• Your objective:
Make an exact copy of all the data, pictures excluded.

• Given entries:
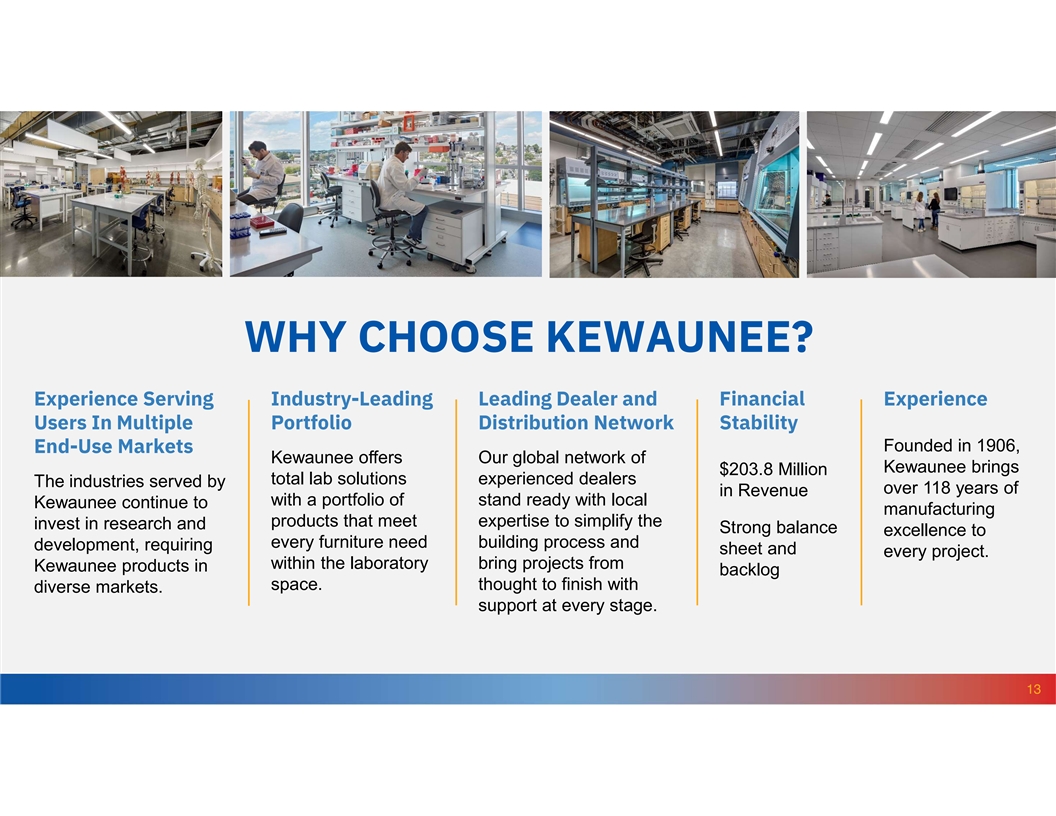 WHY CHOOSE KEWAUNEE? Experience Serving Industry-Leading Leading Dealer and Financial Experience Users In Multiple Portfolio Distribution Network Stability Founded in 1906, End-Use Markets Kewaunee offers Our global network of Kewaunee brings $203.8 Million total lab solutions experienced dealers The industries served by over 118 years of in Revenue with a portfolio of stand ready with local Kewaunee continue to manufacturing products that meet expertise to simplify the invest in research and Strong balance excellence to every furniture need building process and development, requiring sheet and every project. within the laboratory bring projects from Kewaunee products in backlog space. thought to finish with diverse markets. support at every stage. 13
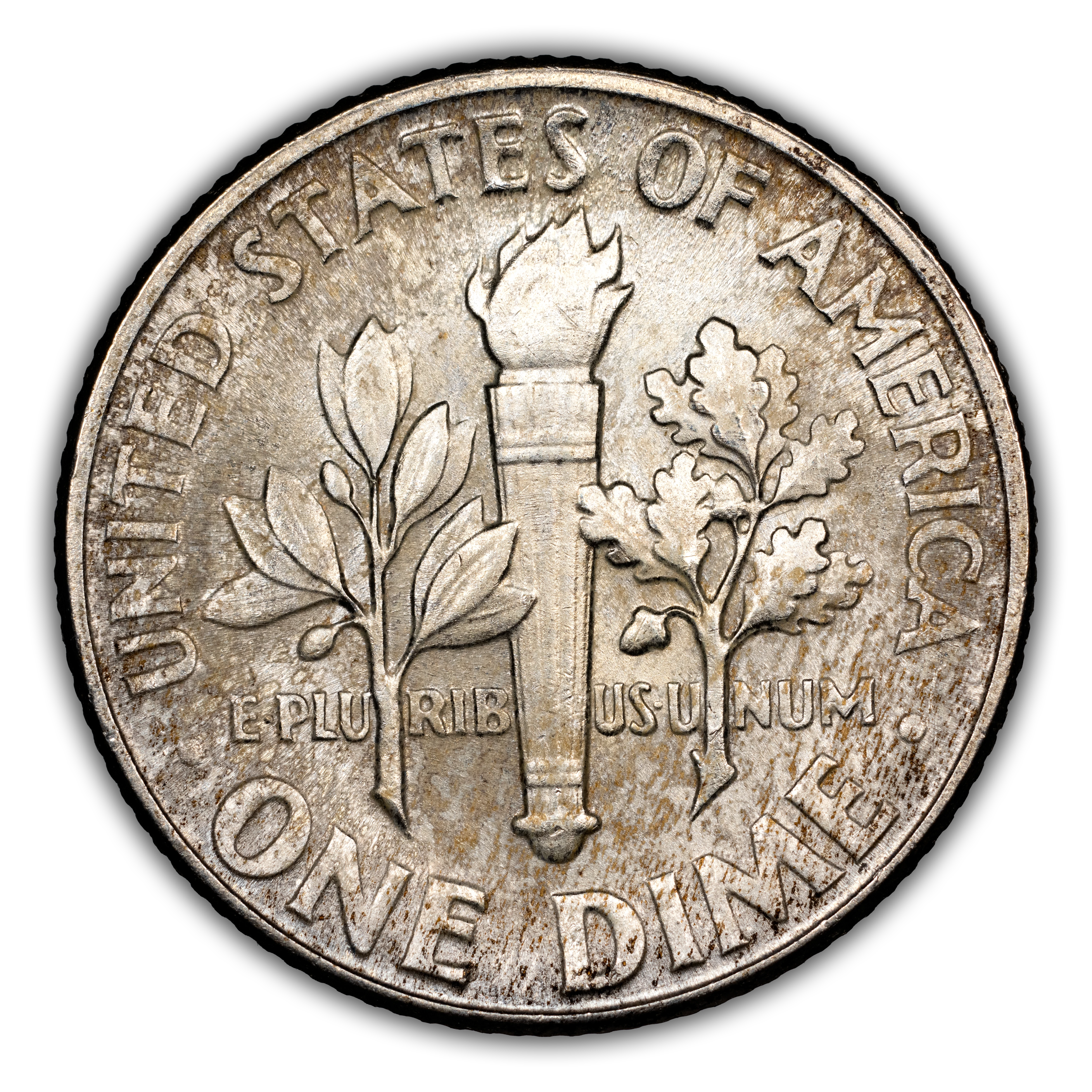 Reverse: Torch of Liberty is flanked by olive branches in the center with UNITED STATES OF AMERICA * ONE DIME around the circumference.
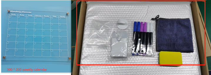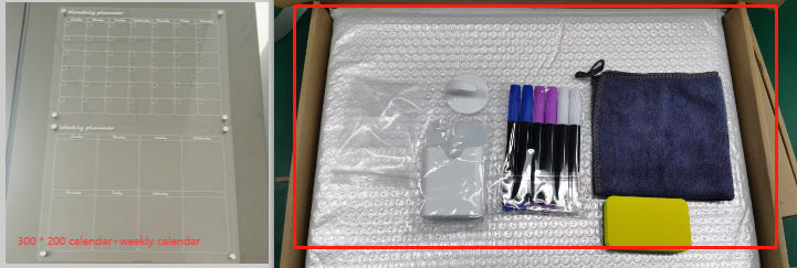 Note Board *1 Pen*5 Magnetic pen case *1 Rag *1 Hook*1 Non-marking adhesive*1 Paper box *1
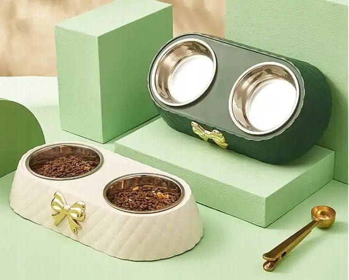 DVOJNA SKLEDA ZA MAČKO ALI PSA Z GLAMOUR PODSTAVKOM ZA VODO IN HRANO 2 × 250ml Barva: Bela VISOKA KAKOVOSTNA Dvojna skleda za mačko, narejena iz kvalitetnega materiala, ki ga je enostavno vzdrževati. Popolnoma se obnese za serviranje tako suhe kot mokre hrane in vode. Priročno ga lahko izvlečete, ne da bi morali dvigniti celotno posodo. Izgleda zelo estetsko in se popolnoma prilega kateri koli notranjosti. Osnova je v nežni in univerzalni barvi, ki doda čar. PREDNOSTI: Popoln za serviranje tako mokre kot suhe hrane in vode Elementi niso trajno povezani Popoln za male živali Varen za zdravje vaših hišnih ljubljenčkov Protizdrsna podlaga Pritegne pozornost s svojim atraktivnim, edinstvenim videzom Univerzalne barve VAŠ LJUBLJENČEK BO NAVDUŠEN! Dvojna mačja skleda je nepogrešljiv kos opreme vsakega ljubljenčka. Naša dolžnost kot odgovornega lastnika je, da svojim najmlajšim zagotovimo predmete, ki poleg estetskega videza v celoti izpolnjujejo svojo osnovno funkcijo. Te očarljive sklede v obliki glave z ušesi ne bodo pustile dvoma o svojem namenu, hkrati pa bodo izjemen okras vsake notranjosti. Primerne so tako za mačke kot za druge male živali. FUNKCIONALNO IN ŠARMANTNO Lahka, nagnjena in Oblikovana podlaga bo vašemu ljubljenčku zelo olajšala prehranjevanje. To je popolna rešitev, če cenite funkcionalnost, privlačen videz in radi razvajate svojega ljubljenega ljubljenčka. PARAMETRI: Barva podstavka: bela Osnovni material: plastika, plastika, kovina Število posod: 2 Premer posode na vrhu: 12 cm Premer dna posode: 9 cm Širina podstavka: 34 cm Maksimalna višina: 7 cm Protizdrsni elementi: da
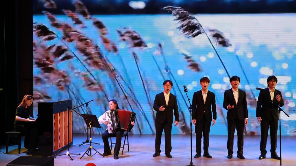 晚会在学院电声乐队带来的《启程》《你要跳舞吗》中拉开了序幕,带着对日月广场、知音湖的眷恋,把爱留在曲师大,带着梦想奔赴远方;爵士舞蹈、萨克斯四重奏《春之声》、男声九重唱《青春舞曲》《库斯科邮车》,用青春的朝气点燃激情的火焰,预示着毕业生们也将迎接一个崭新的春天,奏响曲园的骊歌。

• Written response:
 WHY CHOOSE KEWAUNEE? Experience Serving Industry-Leading Leading Dealer and Financial Experience Users In Multiple Portfolio Distribution Network Stability Founded in 1906, End-Use Markets Kewaunee offers Our global network of Kewaunee brings $203.8 Million total lab solutions experienced dealers The industries served by over 118 years of in Revenue with a portfolio of stand ready with local Kewaunee continue to manufacturing products that meet expertise to simplify the invest in research and Strong balance excellence to every furniture need building process and development, requiring sheet and every project. within the laboratory bring projects from Kewaunee products in backlog space. thought to finish with diverse markets. support at every stage. 13
 Reverse: Torch of Liberty is flanked by olive branches in the center with UNITED STATES OF AMERICA * ONE DIME around the circumference.
 Note Board *1 Pen*5 Magnetic pen case *1 Rag *1 Hook*1 Non-marking adhesive*1 Paper box *1
 DVOJNA SKLEDA ZA MAČKO ALI PSA Z GLAMOUR PODSTAVKOM ZA VODO IN HRANO 2 × 250ml Barva: Bela VISOKA KAKOVOSTNA Dvojna skleda za mačko, narejena iz kvalitetnega materiala, ki ga je enostavno vzdrževati. Popolnoma se obnese za serviranje tako suhe kot mokre hrane in vode. Priročno ga lahko izvlečete, ne da bi morali dvigniti celotno posodo. Izgleda zelo estetsko in se popolnoma prilega kateri koli notranjosti. Osnova je v nežni in univerzalni barvi, ki doda čar. PREDNOSTI: Popoln za serviranje tako mokre kot suhe hrane in vode Elementi niso trajno povezani Popoln za male živali Varen za zdravje vaših hišnih ljubljenčkov Protizdrsna podlaga Pritegne pozornost s svojim atraktivnim, edinstvenim videzom Univerzalne barve VAŠ LJUBLJENČEK BO NAVDUŠEN! Dvojna mačja skleda je nepogrešljiv kos opreme vsakega ljubljenčka. Naša dolžnost kot odgovornega lastnika je, da svojim najmlajšim zagotovimo predmete, ki poleg estetskega videza v celoti izpolnjujejo svojo osnovno funkcijo. Te očarljive sklede v obliki glave z ušesi ne bodo pustile dvoma o svojem namenu, hkrati pa bodo izjemen okras vsake notranjosti. Primerne so tako za mačke kot za druge male živali. FUNKCIONALNO IN ŠARMANTNO Lahka, nagnjena in Oblikovana podlaga bo vašemu ljubljenčku zelo olajšala prehranjevanje. To je popolna rešitev, če cenite funkcionalnost, privlačen videz in radi razvajate svojega ljubljenega ljubljenčka. PARAMETRI: Barva podstavka: bela Osnovni material: plastika, plastika, kovina Število posod: 2 Premer posode na vrhu: 12 cm Premer dna posode: 9 cm Širina podstavka: 34 cm Maksimalna višina: 7 cm Protizdrsni elementi: da
 晚会在学院电声乐队带来的《启程》《你要跳舞吗》中拉开了序幕,带着对日月广场、知音湖的眷恋,把爱留在曲师大,带着梦想奔赴远方;爵士舞蹈、萨克斯四重奏《春之声》、男声九重唱《青春舞曲》《库斯科邮车》,用青春的朝气点燃激情的火焰,预示着毕业生们也将迎接一个崭新的春天,奏响曲园的骊歌。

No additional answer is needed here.